[Assignment]
For this exercise, copy exactly the lines below from the one with "NGC 3200 is" through the one with "I think I’d" and leave out the pictures.

[Material provided]
--- START ---

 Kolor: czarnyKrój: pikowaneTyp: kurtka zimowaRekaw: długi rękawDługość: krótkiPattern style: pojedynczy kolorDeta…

--- END ---
--- START ---

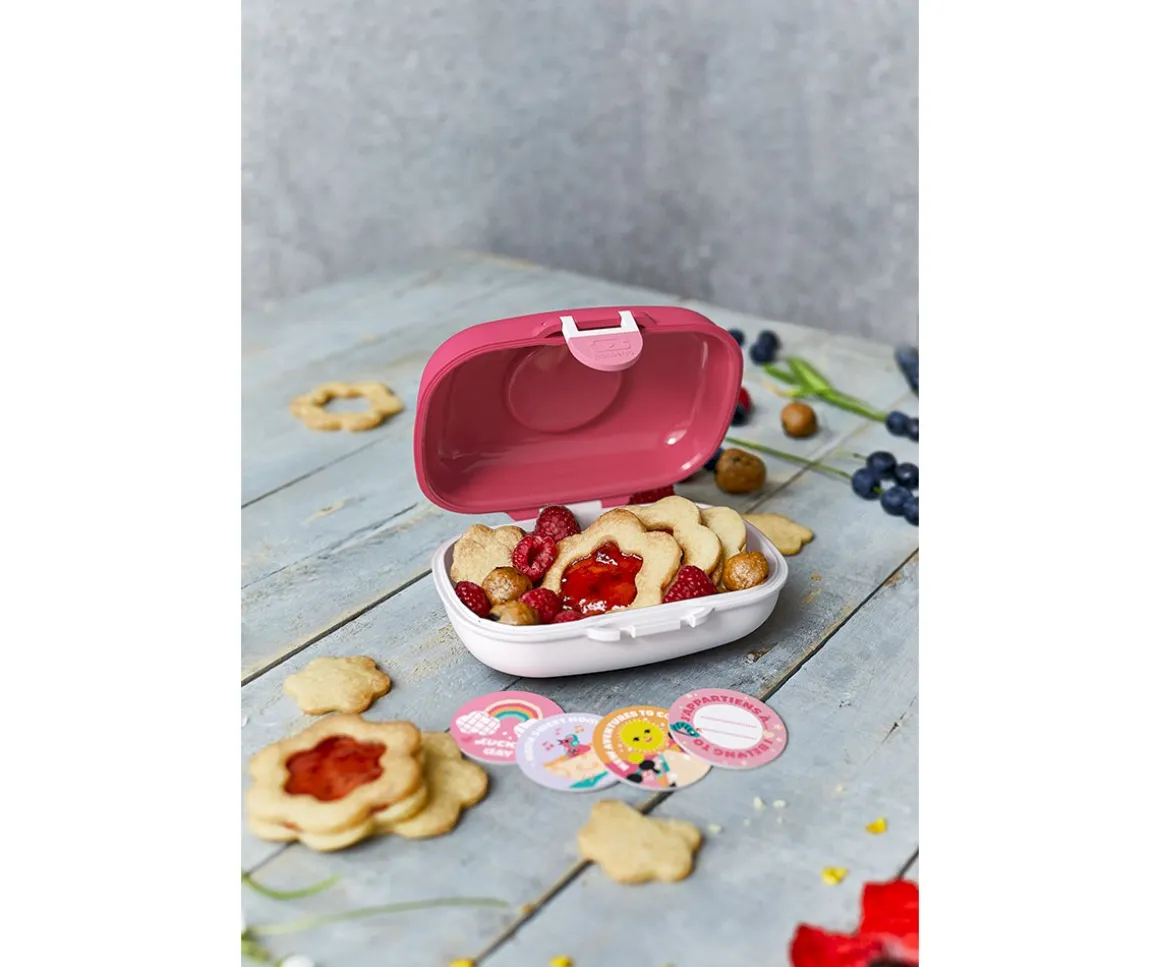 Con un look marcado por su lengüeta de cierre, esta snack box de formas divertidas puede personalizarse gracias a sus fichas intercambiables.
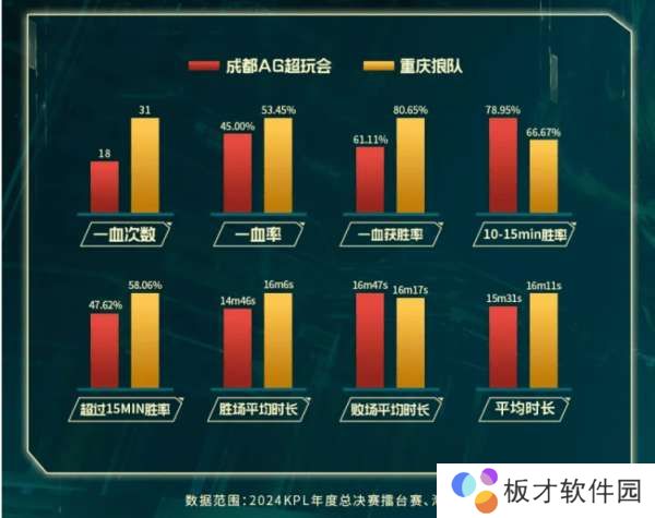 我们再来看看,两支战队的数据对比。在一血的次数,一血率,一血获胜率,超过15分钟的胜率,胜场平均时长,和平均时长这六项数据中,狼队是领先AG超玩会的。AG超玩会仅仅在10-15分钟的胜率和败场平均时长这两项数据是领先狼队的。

--- END ---
--- START ---

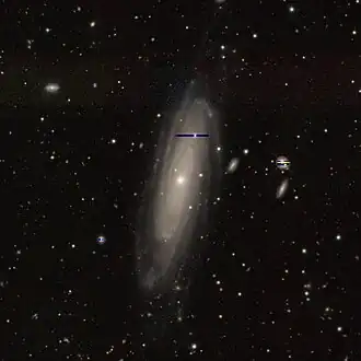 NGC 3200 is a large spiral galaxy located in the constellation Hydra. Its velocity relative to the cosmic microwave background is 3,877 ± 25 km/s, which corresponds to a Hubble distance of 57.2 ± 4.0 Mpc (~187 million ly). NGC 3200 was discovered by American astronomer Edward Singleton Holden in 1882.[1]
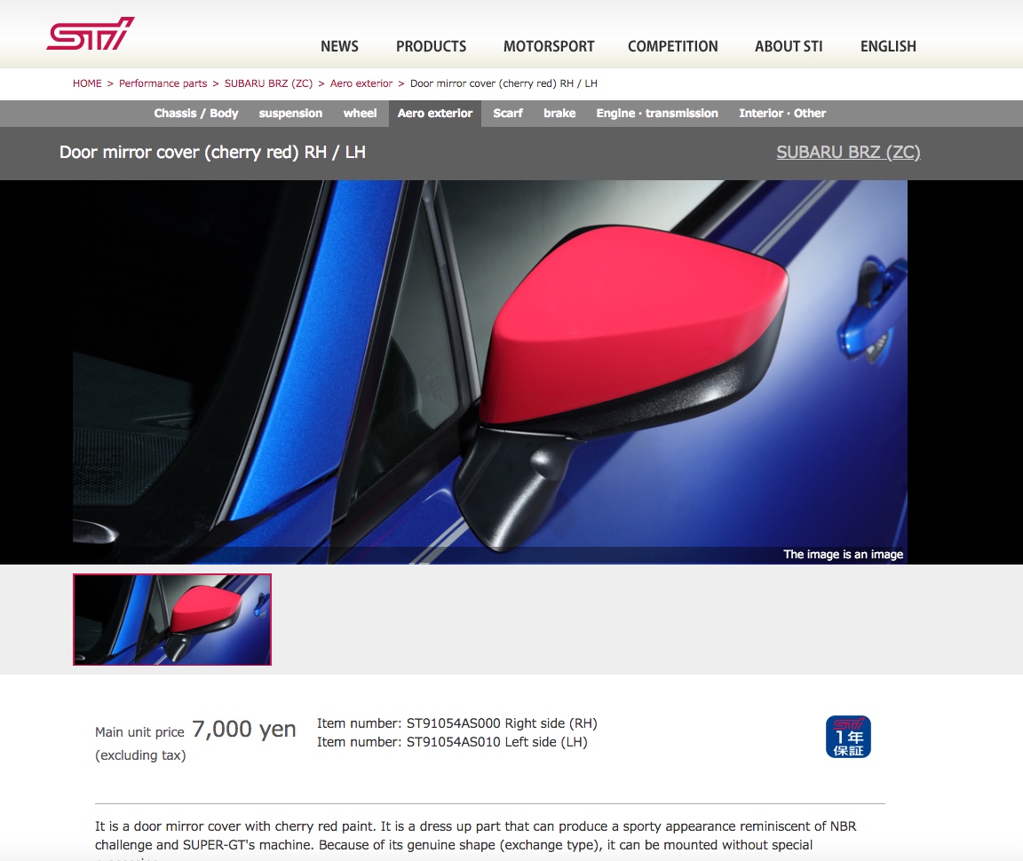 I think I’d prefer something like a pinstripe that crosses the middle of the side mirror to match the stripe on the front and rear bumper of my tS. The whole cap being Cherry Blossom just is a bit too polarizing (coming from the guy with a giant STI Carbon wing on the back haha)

--- END ---

[Reply to the task]
 NGC 3200 is a large spiral galaxy located in the constellation Hydra. Its velocity relative to the cosmic microwave background is 3,877 ± 25 km/s, which corresponds to a Hubble distance of 57.2 ± 4.0 Mpc (~187 million ly). NGC 3200 was discovered by American astronomer Edward Singleton Holden in 1882.[1]
 I think I’d prefer something like a pinstripe that crosses the middle of the side mirror to match the stripe on the front and rear bumper of my tS. The whole cap being Cherry Blossom just is a bit too polarizing (coming from the guy with a giant STI Carbon wing on the back haha)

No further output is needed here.